If Trumpism has not yet crossed the classical fascist threshold according to Trotsky’s analysis, the more unsettling question is what forms of power may follow it. The danger may not lie solely in the consolidation of overt dictatorship, but in the fusion of state authority with platform-based systems of behavioural control. Instrumentarian power does not need an emperor, a Führer, a party, or even a coherent ideology. It requires only access to data, control over infrastructures of communication, and alignment between corporate and state interests. In such a configuration, democracy may persist formally while being substantively emptied, its rituals intact but its capacity for collective self-determination quietly eroded.
….and ‘How to Fight It?’
A modern gloss on Trotsky’s insistence that fascism must be fought before consolidation also helps clarify what resistance looks like under contemporary conditions. Trotsky did not imagine resistance as moral denunciation or symbolic protest, but as the deliberate extension of the window of vulnerability through organisation, clarity, and the prevention of fatalism. In the twenty-first-century international information environment, this logic no longer centres on seizing presses or confronting paramilitaries in the street, but on sustaining the credibility of elections, courts, labour organisations, independent media, and civil society networks long enough to deny authoritarian projects the moment of decisive rupture, and to provide the basis for forms of transitional justice when they fail.

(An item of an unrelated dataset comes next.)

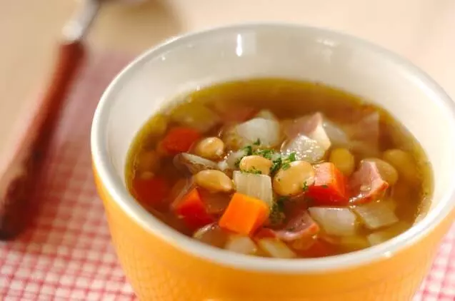 畑のお肉と言われてる大豆は、良質なタンパク質を摂るためにダイエット中に率先して食べたい食材。そんな大豆をたっぷりの野菜と合わせたスープはほっこり優しい味わいです。
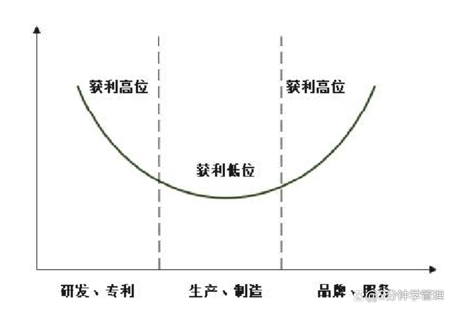 这是基于微笑曲线理论的,良好的走向应该是这样:左端加强研发,右端加强以客户为导向,注重营销和服务,产出高附加值的产品和服务才能具有较高的盈利潜力,确保公司可持续经营。

Much of this work is already underway, continuing to fight ‘Trump Exhaustion Syndrome’ with trade unions rebuilding capacity, ‘Gen Z’ journalists/content creators/influencers like Adam Mockler and independent news media such as MeidasTouch documenting and calling out the daily abuses of arbitrary executive power in real time, States and civil society organisations litigating and monitoring elections, ‘legacy media’ journalists documenting abuses almost in real time, platforms under pressure to moderate amplification, transnational alternative media ecosystems providing information and analysis, and international actors signalling that constitutional breakdown and transgressions of international norms would carry diplomatic and economic costs, reinvigorating new and existing forms of rules-based multilateralism and bilateralism, rather than spelling their demise. From a Trotskyan perspective, these are not peripheral or merely defensive actions. They are precisely the kinds of counter-forces that matter before fascism consolidates, operating not to overthrow the state, but to prevent the conditions under which its destruction of pluralism, democracy, and the rule of law becomes irreversible, and widespread and systematic state criminality becomes inevitable.
“To learn to see all the crimes against humanity, all the indignities to which the human body and spirit are subjected, as the twisted outgrowths and expressions of the existing social system, in order to direct all our energies into a collective struggle against this system, that is the direction in which the burning desire for revenge can find its highest moral satisfaction.”
Leon Trotsky, Der Kampf, November 1911.